It Turns Out An Inside-Out Tire Still Works Pretty Well

It Turns Out An Inside-Out Tire Still Works Pretty Well

Our favourite mad scientists at Garage 54 ENG recently asked the perfectly reasonable question: what do you do when winter ends and you don’t have summer tires? The reasonable answer, at least in Garage 54’s native Russia, is probably to wait; it’ll be winter again soon enough. Or you could buy a new set of summer shoes for your car. But if those two courses of action strike you as far too reasonable, there’s a third, surprisingly viable, option: flip your winter tires inside out.

The problem is that tires aren’t meant to flip inside out. There’s a lot of engineering that goes into making sure tires don’t do exactly that. So it takes the Garage 54 guys a lot of time, muscle and mechanical brute force to get two tires flipped with their insides on the outside. The results look closer to racing slicks than summer tires, but they still have a basic tire shape. Luckily, the tires mounted to the rims a little easier, and slipped on to the channel’s test Lada just as smoothly.
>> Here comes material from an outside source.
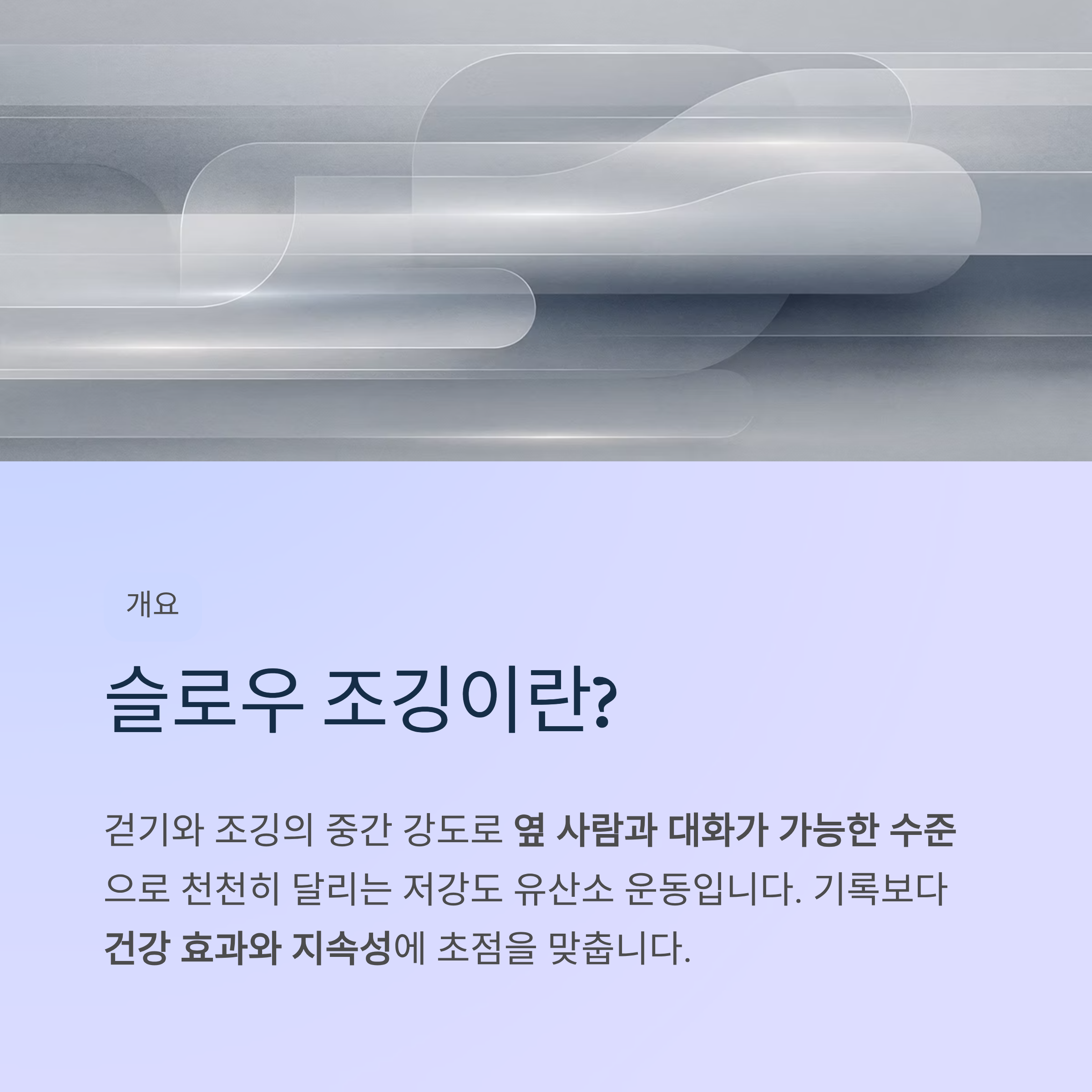 운동을 시작하려고 마음먹어도 막상 달리기는 부담스럽고, 걷기만으로는 운동 효과가 아쉽다고 느끼는 분들이 많습니다. 이럴 때 주목받는 운동이 바로 슬로우 조깅입니다.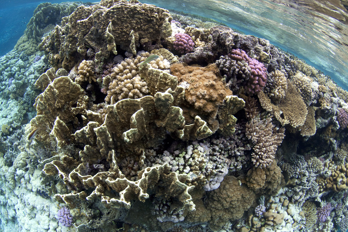 La barriera corallina ci offre una splendida varietà di colori e forme che potranno essere un ottimo soggetto se ben rappresentato, oppure un pessimo soggetto se rappresentato senza una adeguata scelta compositiva. Iniziamo immaginando la nostra barriera corallina alla stessa stregua di un set fotografico al quale dovremo inserire i soggetti che serviranno a comporre l'immagine finale. Il nostro set sarà quindi la superficie della barriera corallina ovvero quella parte di barriera posta pochi centimetri sotto l'acqua che ci offrirà l'opportunità di sfruttare la luce proveniente dall'esterno e quindi non avere bisogno di luce flash. Inoltre se il mare sarà piatto e non mosso, un altro elemento da aggiungere alla nostra immagine saranno i riflessi colorati della barriera che si specchia sull'acqua. Già abbiamo individuato alcuni elementi fondamentali per realizzare belle immagini poco banali: barriera superficiale, luce esterna, acqua calma e riflessi. A questo punto diventa necessario individuare quella zona di barriera sulla quale i coralli formano una composizione ben bilanciata che riteniamo adeguata per essere il centro di attenzione della nostra immagine. Sicuramente avremo a disposizione sufficienti elementi per rendere la nostra immagine ricca di informazioni; sarà soltanto il nostro gusto compositivo a generare lo scatto finale. Per chi dispone di fotocamera in custodia e di un obiettivo grandangolare lo stimolo sarà ancora maggiore dato che potrete divertirvi con composizioni molto interessanti. Queste immagini si potranno realizzare al termine dell'immersione, quando sarete in superficie prima di risalire sul gommone e avrete ancora qualche minuto da dedicare agli ultimi scatti. Ancora meglio e senza l'ingombro delle bombole, potete fotografare tra un immersione e l'altra. Avvicinatevi alla barriera corallina e cominciate a fotografare in assoluta calma. Se poi volete proprio esagerare, provate a scattare quando il sole inizia a tramontare, i giochi di luce e i riflessi colorati saranno una vera magia.

These guys aren’t exactly known for pulling off their experiments, especially when it comes to tires. Like the time they put oil barrels on a UAZ 469 or drove on wheels made of chains. But this experiment works…sort of? The Lada makes it to the road and keeps up with traffic and even manages a few aborted burn-outs but, as the host points out, it would be incredibly easy to blow one of these tires since the metal of the tire is so close to the surface.